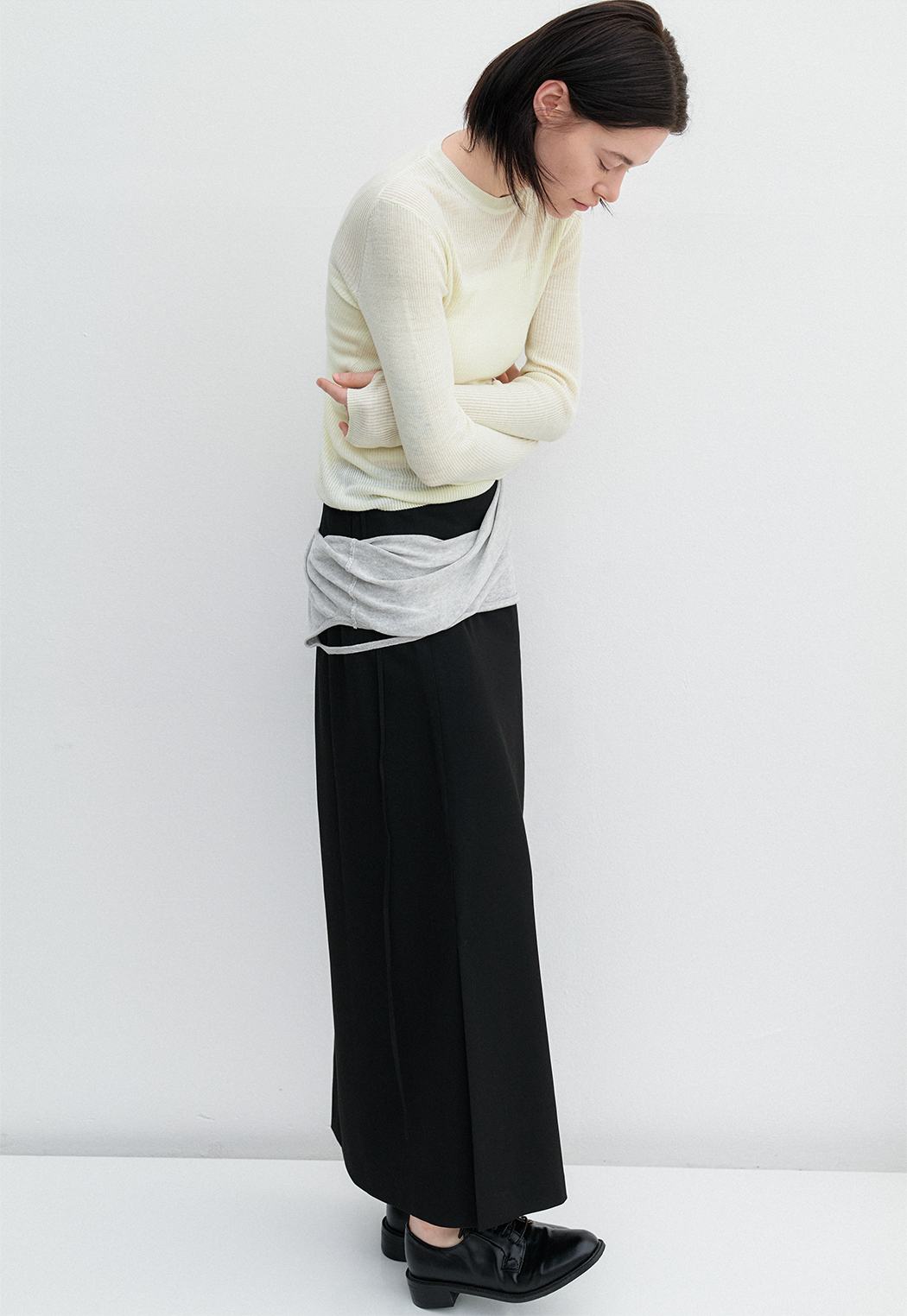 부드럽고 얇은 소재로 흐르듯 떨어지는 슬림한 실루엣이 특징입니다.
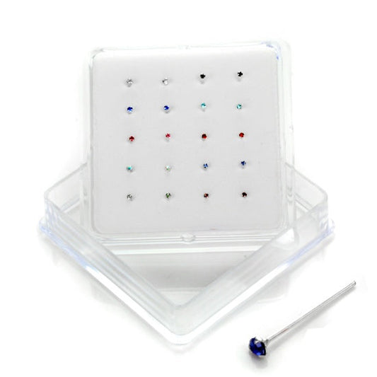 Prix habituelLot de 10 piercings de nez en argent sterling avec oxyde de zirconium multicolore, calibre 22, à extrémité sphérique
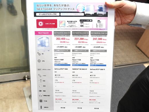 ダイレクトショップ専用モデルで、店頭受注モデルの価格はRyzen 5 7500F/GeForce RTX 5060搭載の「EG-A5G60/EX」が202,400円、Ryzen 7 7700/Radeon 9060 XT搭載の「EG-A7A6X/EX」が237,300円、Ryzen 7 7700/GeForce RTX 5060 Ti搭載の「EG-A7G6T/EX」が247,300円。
=-=-=
TASK DIRECTIONS: The task requires that every line above be transcribed exactly, without the images.

RESULT OF THE TASK:
 부드럽고 얇은 소재로 흐르듯 떨어지는 슬림한 실루엣이 특징입니다.
 Prix habituelLot de 10 piercings de nez en argent sterling avec oxyde de zirconium multicolore, calibre 22, à extrémité sphérique
 ダイレクトショップ専用モデルで、店頭受注モデルの価格はRyzen 5 7500F/GeForce RTX 5060搭載の「EG-A5G60/EX」が202,400円、Ryzen 7 7700/Radeon 9060 XT搭載の「EG-A7A6X/EX」が237,300円、Ryzen 7 7700/GeForce RTX 5060 Ti搭載の「EG-A7G6T/EX」が247,300円。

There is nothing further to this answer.